Among the lines below, the one containing "Шорти жіночі джинсові" opens the range and the one containing "曾经的一AK一哥,增强了射速" closes it. Print that range exactly, without the pictures.

_Data shown_.
-- -- --

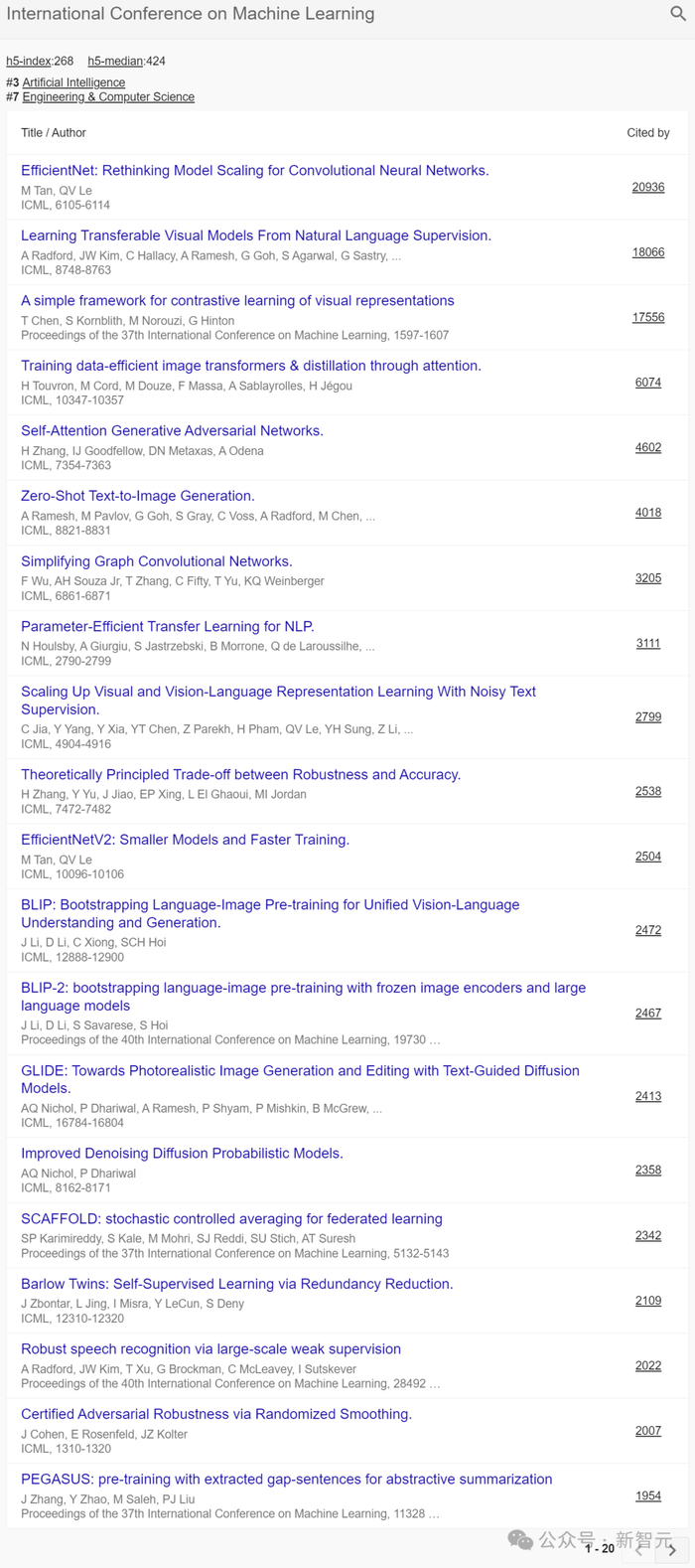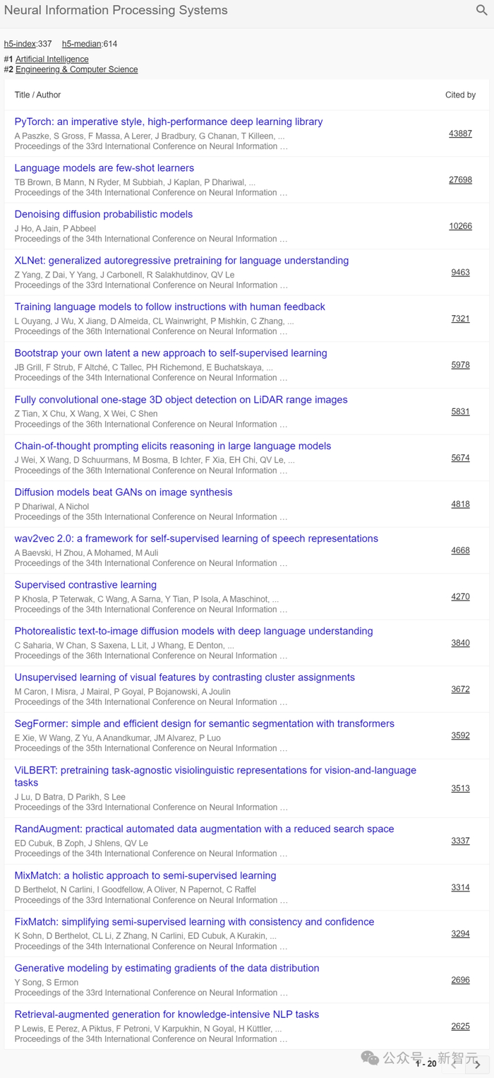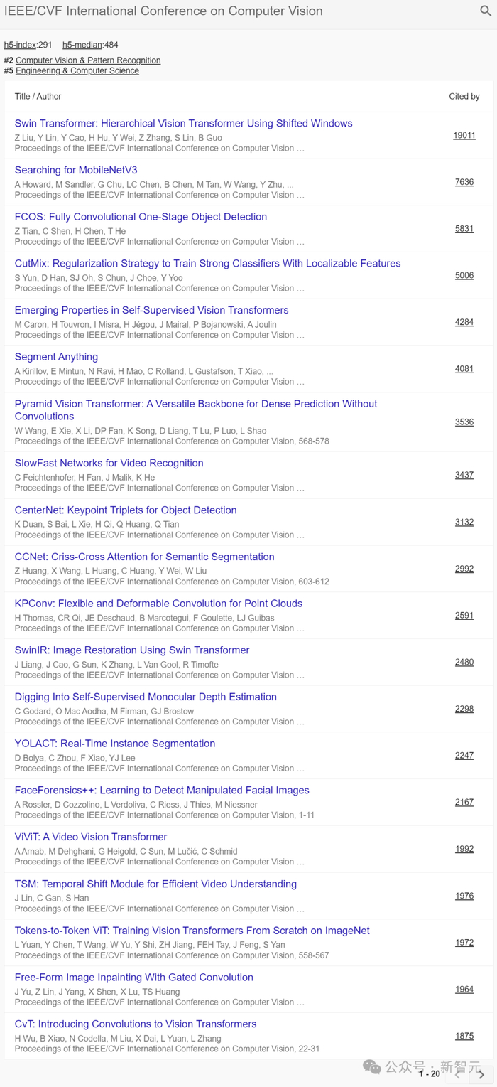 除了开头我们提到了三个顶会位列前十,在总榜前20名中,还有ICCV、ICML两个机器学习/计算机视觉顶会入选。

-- -- --

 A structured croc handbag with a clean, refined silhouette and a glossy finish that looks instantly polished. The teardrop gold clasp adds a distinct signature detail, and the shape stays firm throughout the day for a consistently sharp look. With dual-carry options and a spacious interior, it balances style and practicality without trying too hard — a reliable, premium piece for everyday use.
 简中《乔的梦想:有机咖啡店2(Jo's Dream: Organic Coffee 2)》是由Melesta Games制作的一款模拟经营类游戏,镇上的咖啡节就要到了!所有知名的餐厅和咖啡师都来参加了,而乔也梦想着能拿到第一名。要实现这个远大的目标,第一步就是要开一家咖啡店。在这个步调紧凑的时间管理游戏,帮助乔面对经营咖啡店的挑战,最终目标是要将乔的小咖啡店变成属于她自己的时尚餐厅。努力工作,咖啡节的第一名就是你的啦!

-- -- --

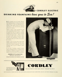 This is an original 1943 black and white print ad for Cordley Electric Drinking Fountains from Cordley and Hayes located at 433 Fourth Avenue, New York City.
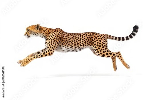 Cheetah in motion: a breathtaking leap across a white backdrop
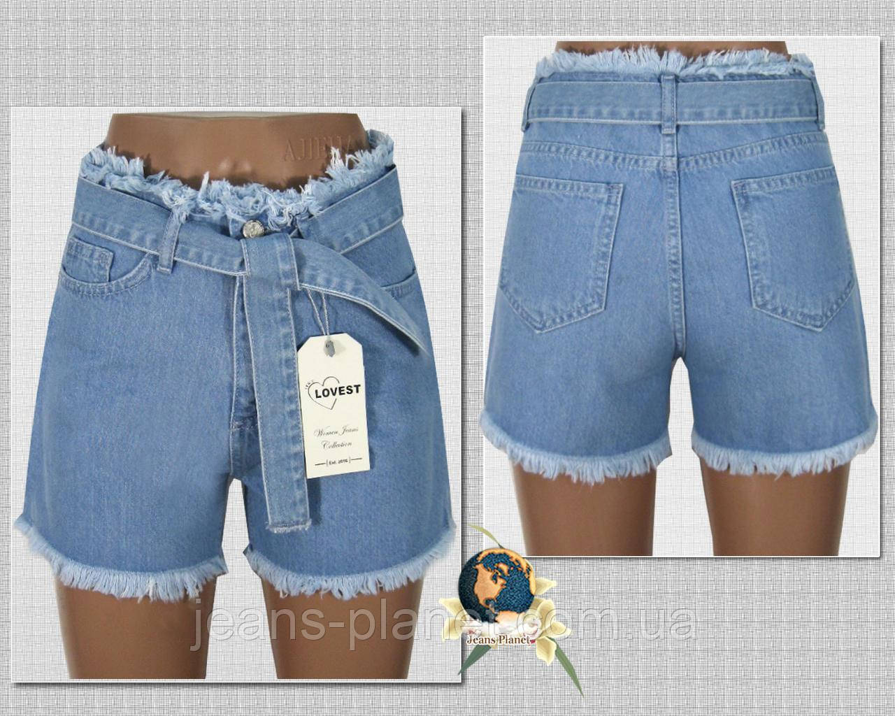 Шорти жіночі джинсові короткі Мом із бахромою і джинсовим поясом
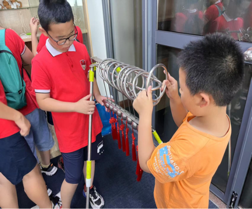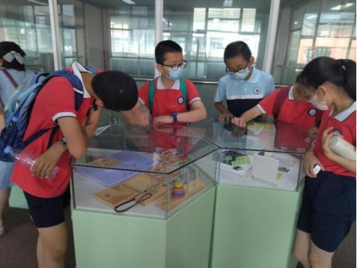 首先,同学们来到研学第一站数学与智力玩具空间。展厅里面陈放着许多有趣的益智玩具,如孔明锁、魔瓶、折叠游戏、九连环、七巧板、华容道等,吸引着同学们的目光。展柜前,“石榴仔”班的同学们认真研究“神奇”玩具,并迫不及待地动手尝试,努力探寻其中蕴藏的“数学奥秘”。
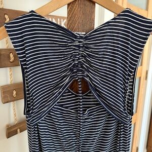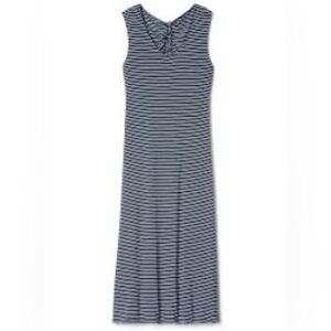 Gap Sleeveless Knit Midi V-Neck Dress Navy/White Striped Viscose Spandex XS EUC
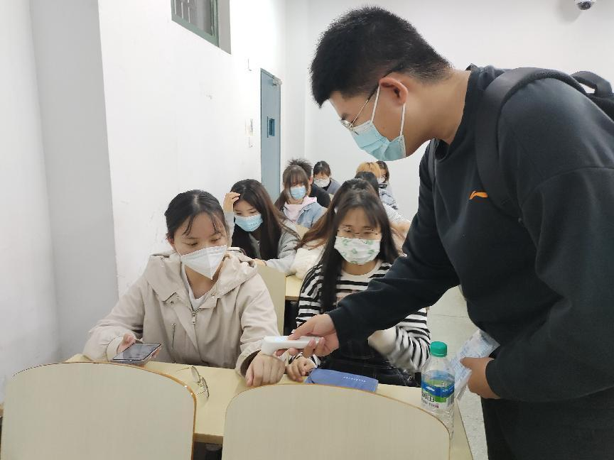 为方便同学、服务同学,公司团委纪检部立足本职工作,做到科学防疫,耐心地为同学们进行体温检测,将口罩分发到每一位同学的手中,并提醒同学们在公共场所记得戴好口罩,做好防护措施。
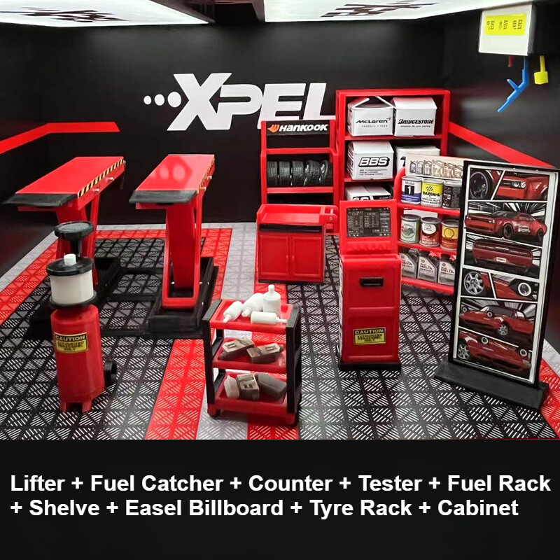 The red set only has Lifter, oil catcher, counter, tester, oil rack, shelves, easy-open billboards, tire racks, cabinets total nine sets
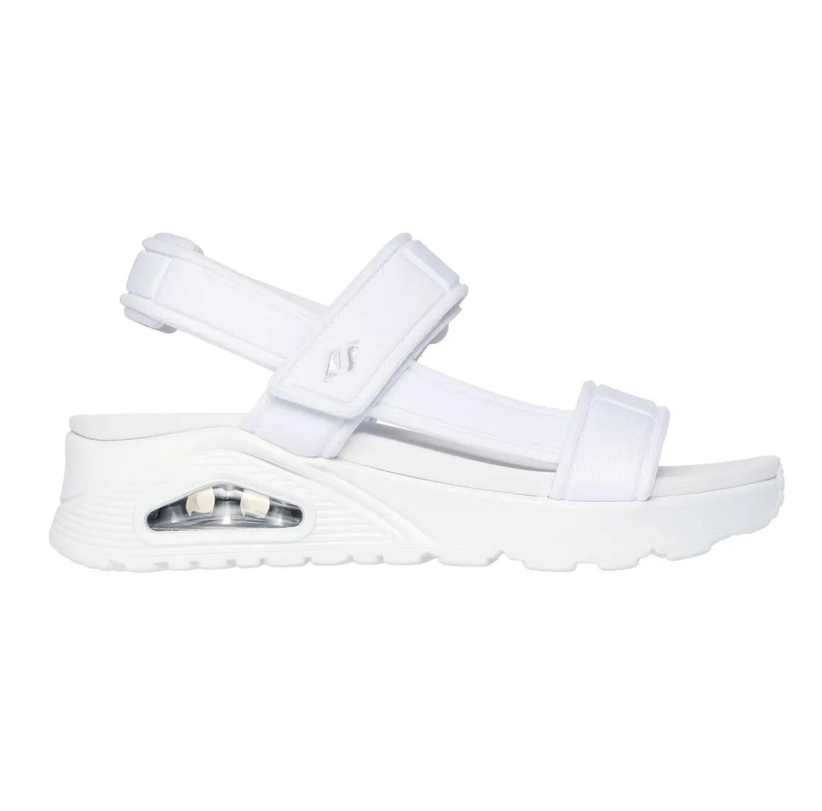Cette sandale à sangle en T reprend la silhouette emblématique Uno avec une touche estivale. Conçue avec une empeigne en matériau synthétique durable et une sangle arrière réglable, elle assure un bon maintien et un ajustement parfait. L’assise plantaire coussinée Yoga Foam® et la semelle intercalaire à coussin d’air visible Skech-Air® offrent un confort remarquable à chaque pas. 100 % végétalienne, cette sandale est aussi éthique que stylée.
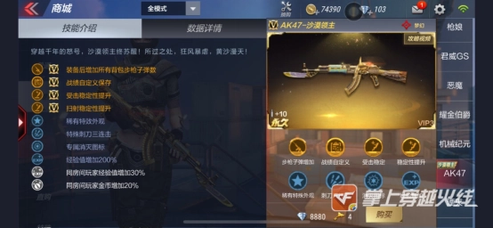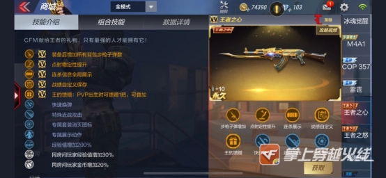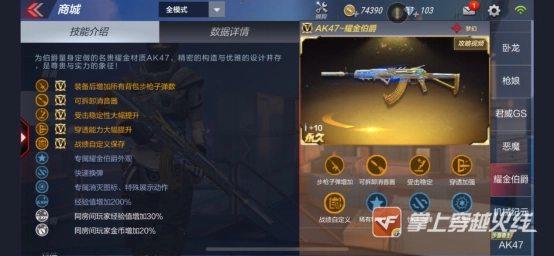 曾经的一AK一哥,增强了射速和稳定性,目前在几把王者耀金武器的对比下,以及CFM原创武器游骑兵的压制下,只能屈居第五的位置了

-- -- --

_Task solution_.
 Шорти жіночі джинсові короткі Мом із бахромою і джинсовим поясом
 首先,同学们来到研学第一站数学与智力玩具空间。展厅里面陈放着许多有趣的益智玩具,如孔明锁、魔瓶、折叠游戏、九连环、七巧板、华容道等,吸引着同学们的目光。展柜前,“石榴仔”班的同学们认真研究“神奇”玩具,并迫不及待地动手尝试,努力探寻其中蕴藏的“数学奥秘”。
 Gap Sleeveless Knit Midi V-Neck Dress Navy/White Striped Viscose Spandex XS EUC
 为方便同学、服务同学,公司团委纪检部立足本职工作,做到科学防疫,耐心地为同学们进行体温检测,将口罩分发到每一位同学的手中,并提醒同学们在公共场所记得戴好口罩,做好防护措施。
 The red set only has Lifter, oil catcher, counter, tester, oil rack, shelves, easy-open billboards, tire racks, cabinets total nine sets
Cette sandale à sangle en T reprend la silhouette emblématique Uno avec une touche estivale. Conçue avec une empeigne en matériau synthétique durable et une sangle arrière réglable, elle assure un bon maintien et un ajustement parfait. L’assise plantaire coussinée Yoga Foam® et la semelle intercalaire à coussin d’air visible Skech-Air® offrent un confort remarquable à chaque pas. 100 % végétalienne, cette sandale est aussi éthique que stylée.
 曾经的一AK一哥,增强了射速和稳定性,目前在几把王者耀金武器的对比下,以及CFM原创武器游骑兵的压制下,只能屈居第五的位置了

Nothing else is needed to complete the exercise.